By Bob Berwyn
SUMMIT COUNTY — The politicization of climate science, including direct attacks on the credibility of researchers, has made it more difficult to communicate the results of important research, NASA scientist James Hansen wrote in a recent draft paper on observed global temperature changes.
The repeated attacks on climate scientists in the media have taken a toll, as recent polls show a growing public skepticism about climate science. Hansen, one of lightning-rod figures for global warming deniers, said the best available science shows clearly that there is no global cooling, as has been widely reported by people trying intentionally to confuse the public.
Hansen took direct aim at the media for its role in misreporting global warming science as well:
“We have the impression that the effect of politicization on communication of the science is aggravated by the fact that much of the media is owned by or strongly influenced by special economic interests,” he wrote, adding that he wasn’t sure that the language relating to climate science politics and to media coverage of the issue would make it past editors in the final version of the paper.
Read the original document here.
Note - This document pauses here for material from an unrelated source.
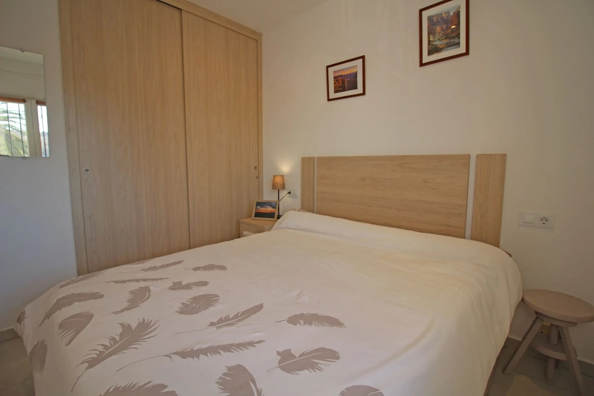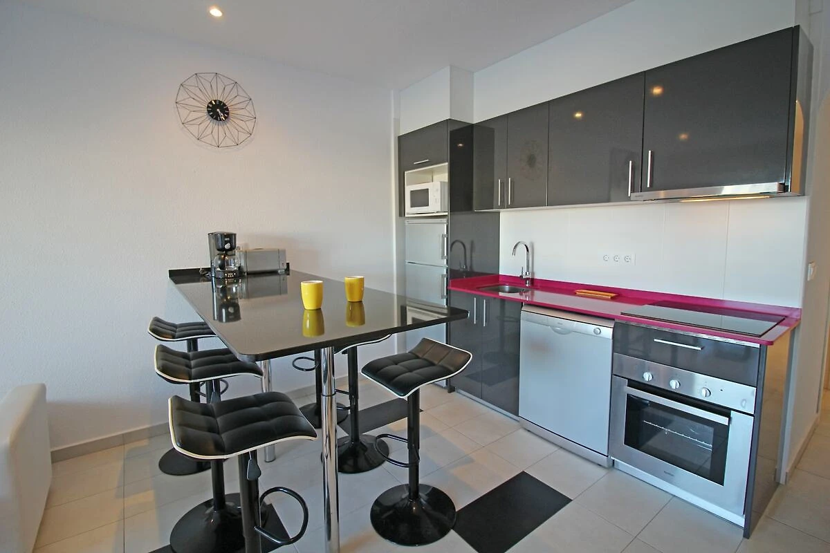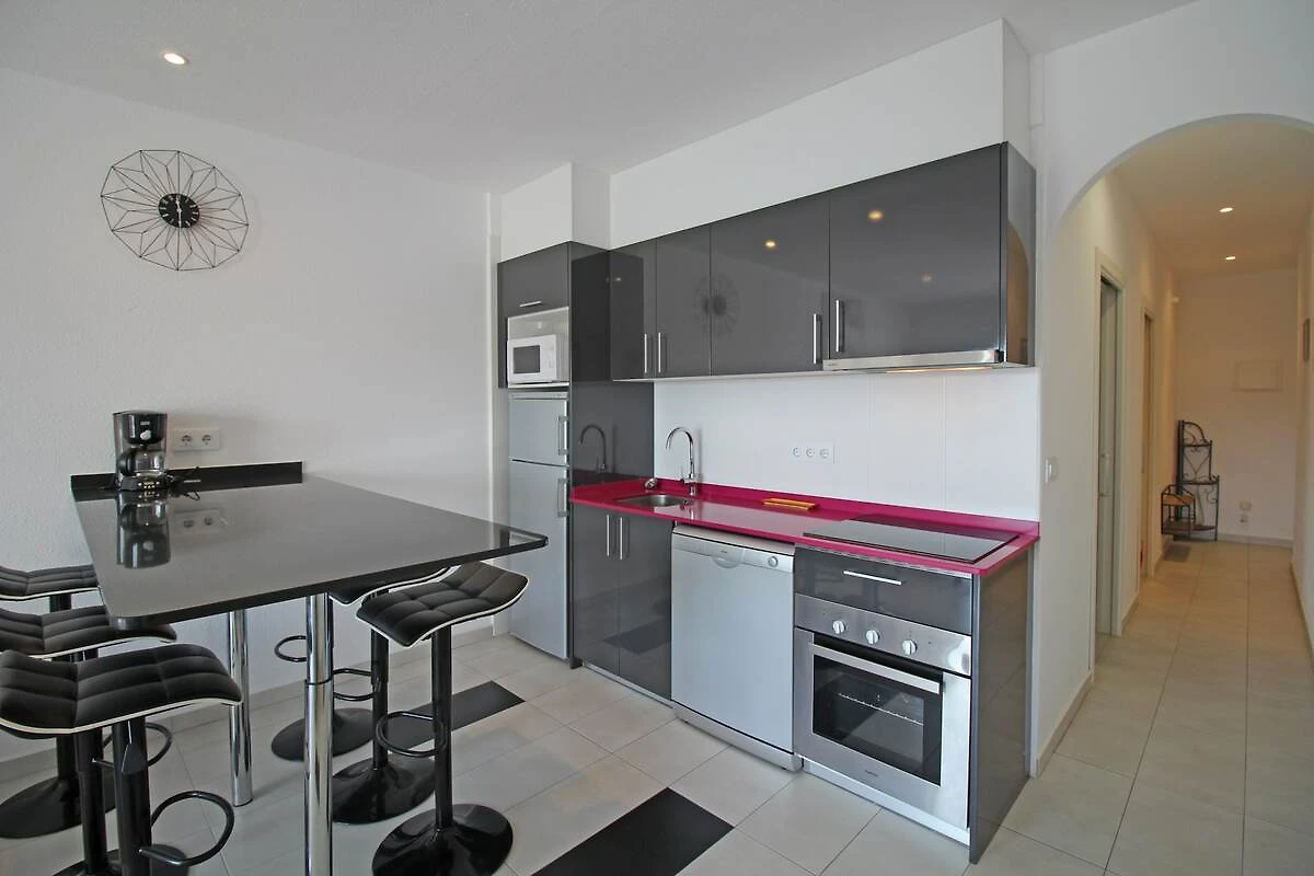 Die offene Küche ist komplett ausgestattet mit Cerankochfeld, Kühlschrank, Mikrowelle, Backofen, Geschirrspüler, Kaffeemaschine und Toaster – ideal für die Zubereitung Ihrer Mahlzeiten zu Hause. Zur weiteren Ausstattung gehören eine Klimaanlage im Wohnzimmer, WLAN (optional), Sat-TV, eine Waschmaschine sowie Zugang zu einem Gemeinschaftspool und einem Kinderbecken. Die Wohnung befindet sich in einer ruhigen, familienfreundlichen Wohngegend.

Another factor that complicates getting the message out is that people tend to confuse fluctuations in local weather with larger global climate change patterns. In other words, a regionally cool winter helps convince people that there is no global warming. Read more about how climate scientists measure global temperature here.
“This difficulty can be alleviated by stressing the need to focus on the frequency and magnitude of warm and cold anomalies, which change noticeably on decadal time scales as global warming increases,” he wrote.
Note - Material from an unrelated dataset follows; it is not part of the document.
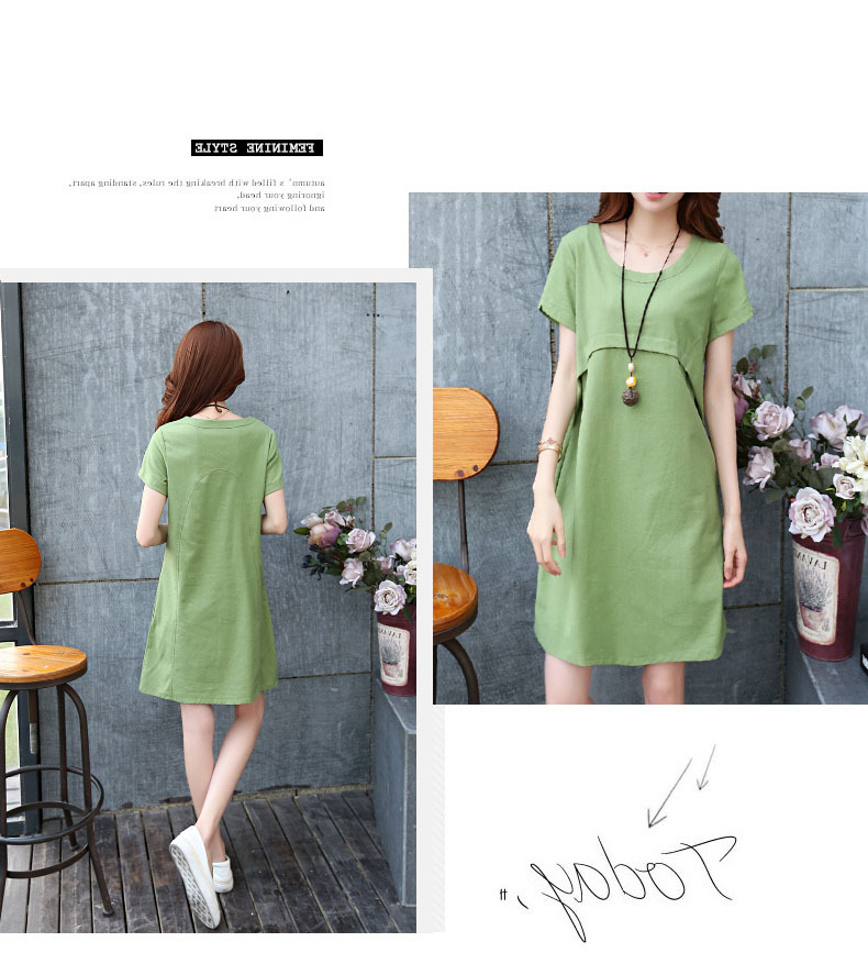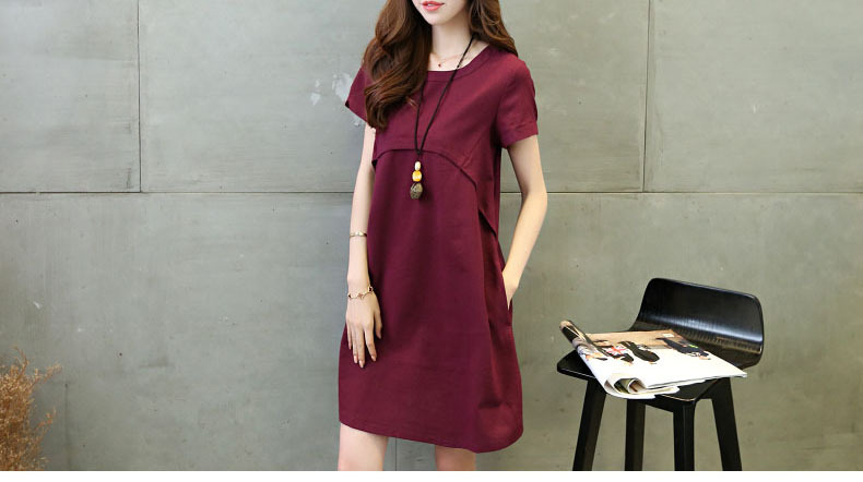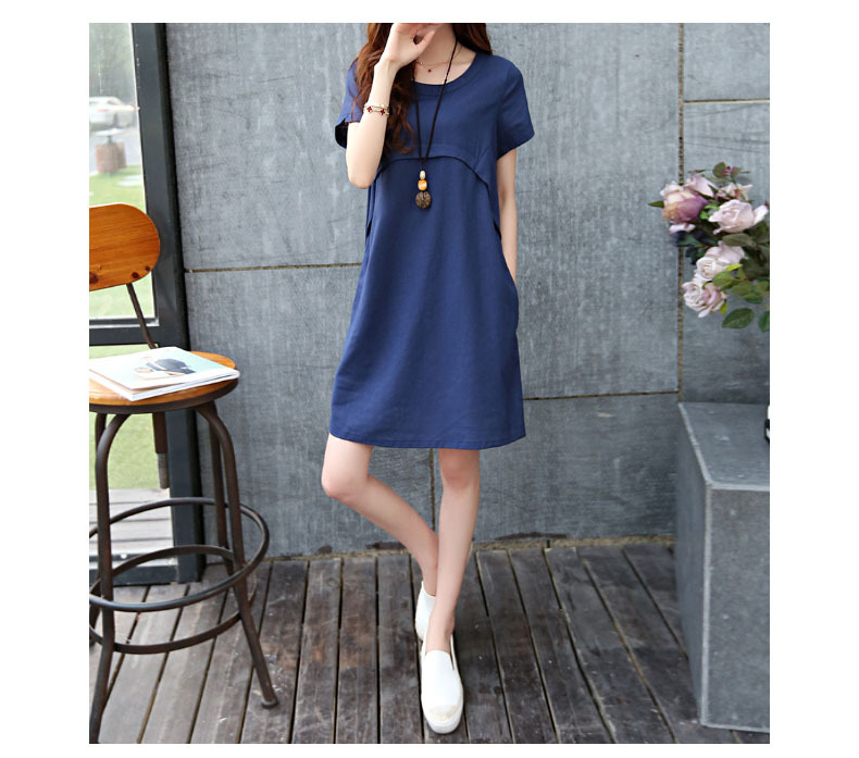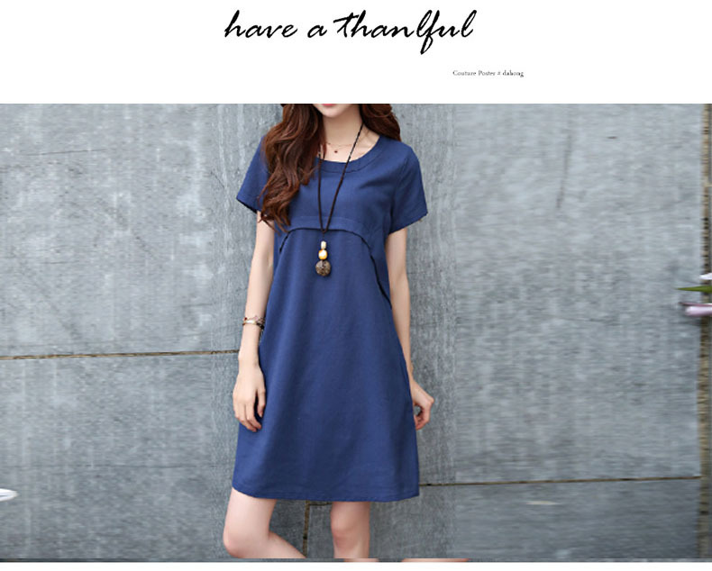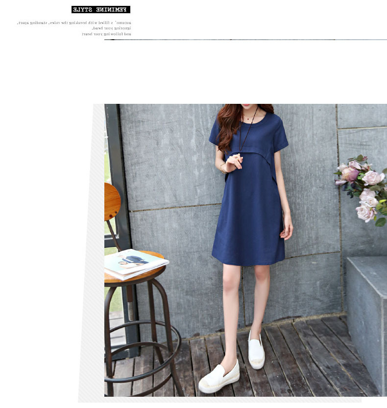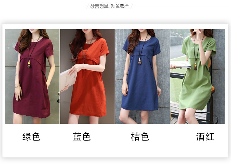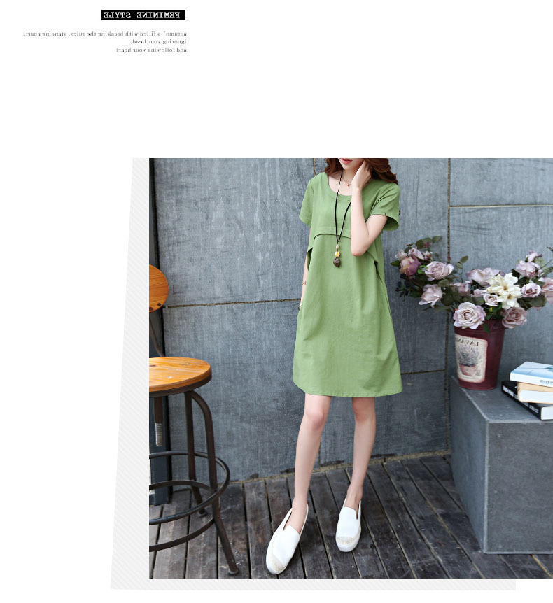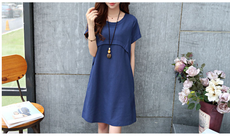 국경 간 대외 무역 여성 면 및 린넨 드레스 여성 여름 얇은 반팔 느슨한 허리 스커트 모리 스타일 스플 라이스 A 라인 스커트

Hansen said the politicization of global warming reporting was probably inevitable, given the economic and social implications of efforts required to alter the course of human-made climate change. Read the letter signed by 11 Nobel Prize winners that calls for an end to political attacks on scientists here.
The bottom line is that global warming on decadal time scales is continuing without letup,” Hansen wrote. “But because it is important to draw attention to change as soon as possible, we need ways to make the data trends clear without waiting for additional decades to pass.”
A simple way of illustrating the rate of change is by mapping it out on graphs with five-year running averages, which minimizes variability resulting from cyclical ocean temperature changes, while a 132-month running average smooths out cycles of solar variability. The graphs “gives the lie to the frequent assertion that “global warming stopped in 1998.” he wrote.
Other global warming skeptics have claimed that global surface temperatures have “flattened out since the late 1990s,” but Hansen said all the credible scientific evidence points to the contrary — that the long-term trend indicates a continued warming of about .15 to .20 degrees Celsius per decade that begin in the 1970s.